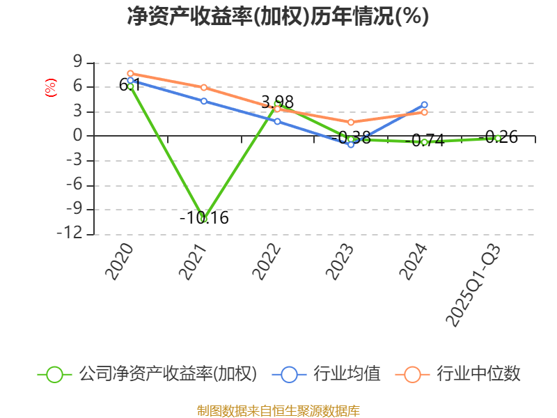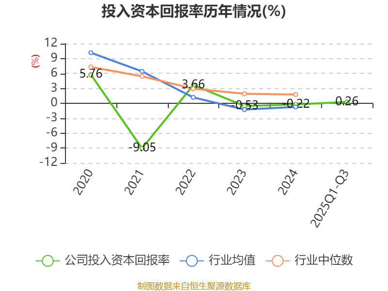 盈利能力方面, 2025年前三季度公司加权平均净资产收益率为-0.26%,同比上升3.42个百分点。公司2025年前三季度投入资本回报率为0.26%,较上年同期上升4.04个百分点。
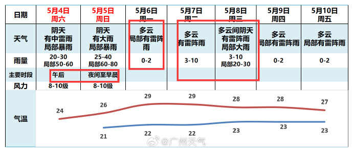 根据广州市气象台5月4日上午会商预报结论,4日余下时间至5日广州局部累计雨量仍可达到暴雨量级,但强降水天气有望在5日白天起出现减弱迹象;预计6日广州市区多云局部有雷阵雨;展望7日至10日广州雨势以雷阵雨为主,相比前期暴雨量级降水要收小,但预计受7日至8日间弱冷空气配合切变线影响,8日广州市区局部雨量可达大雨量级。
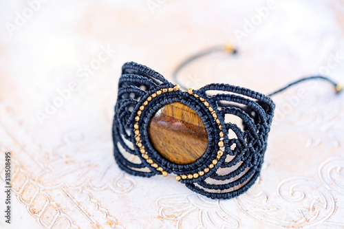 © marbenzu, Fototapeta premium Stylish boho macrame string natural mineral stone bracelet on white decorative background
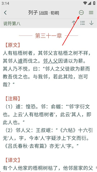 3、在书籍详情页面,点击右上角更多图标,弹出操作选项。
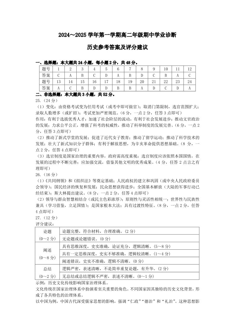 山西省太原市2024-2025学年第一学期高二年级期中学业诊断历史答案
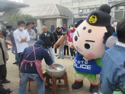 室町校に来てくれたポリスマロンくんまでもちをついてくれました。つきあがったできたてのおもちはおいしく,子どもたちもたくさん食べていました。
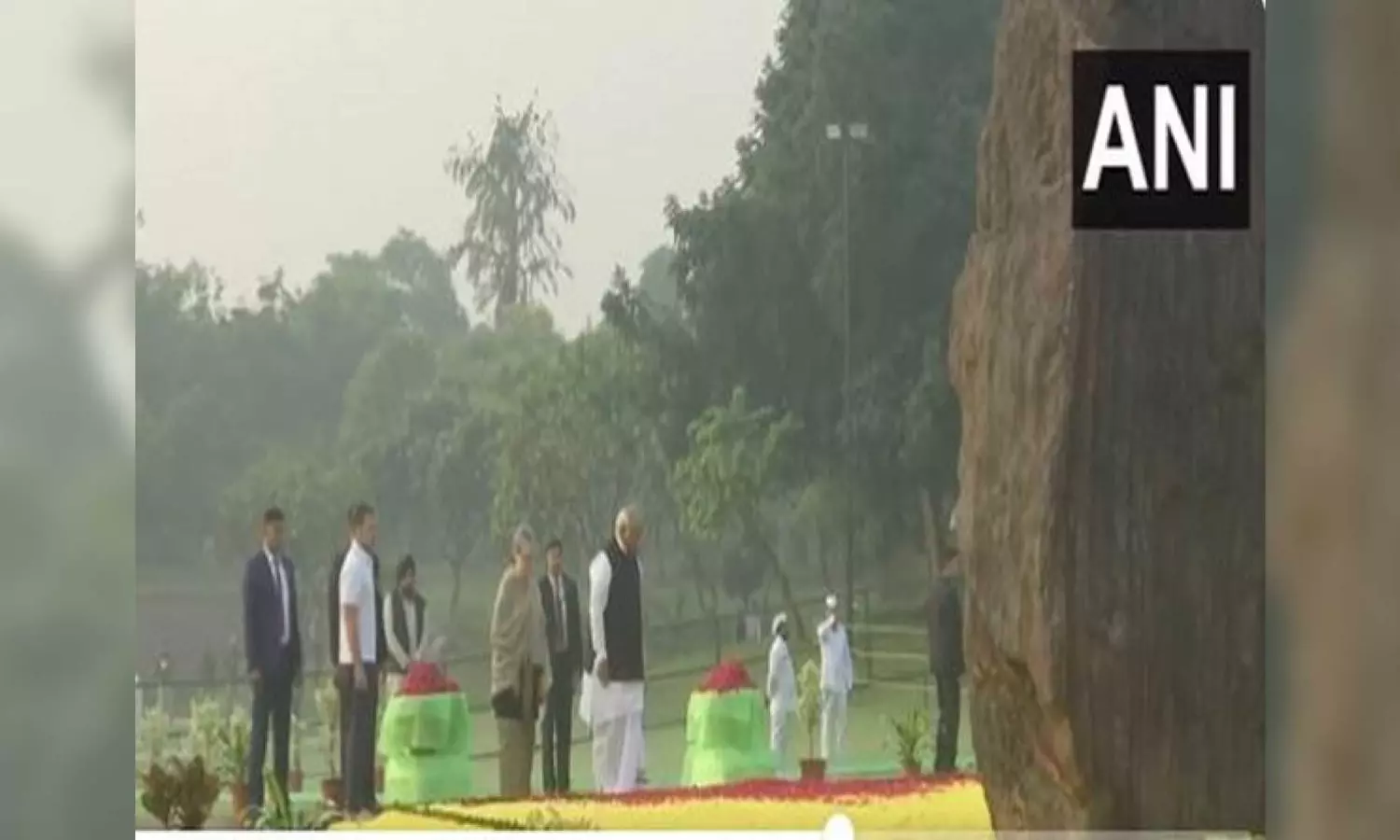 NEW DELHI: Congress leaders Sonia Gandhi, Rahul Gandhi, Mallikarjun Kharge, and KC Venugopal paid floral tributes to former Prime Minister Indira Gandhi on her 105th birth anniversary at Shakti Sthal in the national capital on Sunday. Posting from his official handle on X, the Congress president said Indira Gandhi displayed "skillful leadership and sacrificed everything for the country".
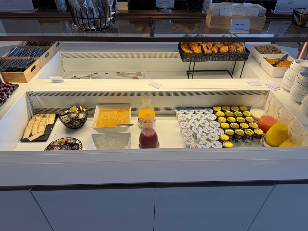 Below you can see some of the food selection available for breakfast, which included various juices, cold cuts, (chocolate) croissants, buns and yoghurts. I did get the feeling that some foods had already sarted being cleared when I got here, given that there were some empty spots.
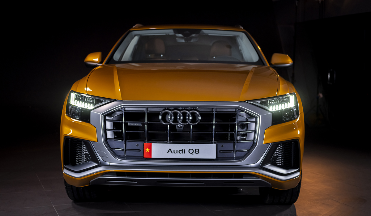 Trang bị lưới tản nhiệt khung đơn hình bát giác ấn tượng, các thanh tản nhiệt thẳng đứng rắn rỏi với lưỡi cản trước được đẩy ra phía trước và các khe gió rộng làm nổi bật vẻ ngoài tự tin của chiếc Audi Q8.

What is being asked: Start at the line that contains "Below you can" and retype every line through the end of the entries above, both ends included. Exclude all pictures.

Solution to this task:
 Below you can see some of the food selection available for breakfast, which included various juices, cold cuts, (chocolate) croissants, buns and yoghurts. I did get the feeling that some foods had already sarted being cleared when I got here, given that there were some empty spots.
 Trang bị lưới tản nhiệt khung đơn hình bát giác ấn tượng, các thanh tản nhiệt thẳng đứng rắn rỏi với lưỡi cản trước được đẩy ra phía trước và các khe gió rộng làm nổi bật vẻ ngoài tự tin của chiếc Audi Q8.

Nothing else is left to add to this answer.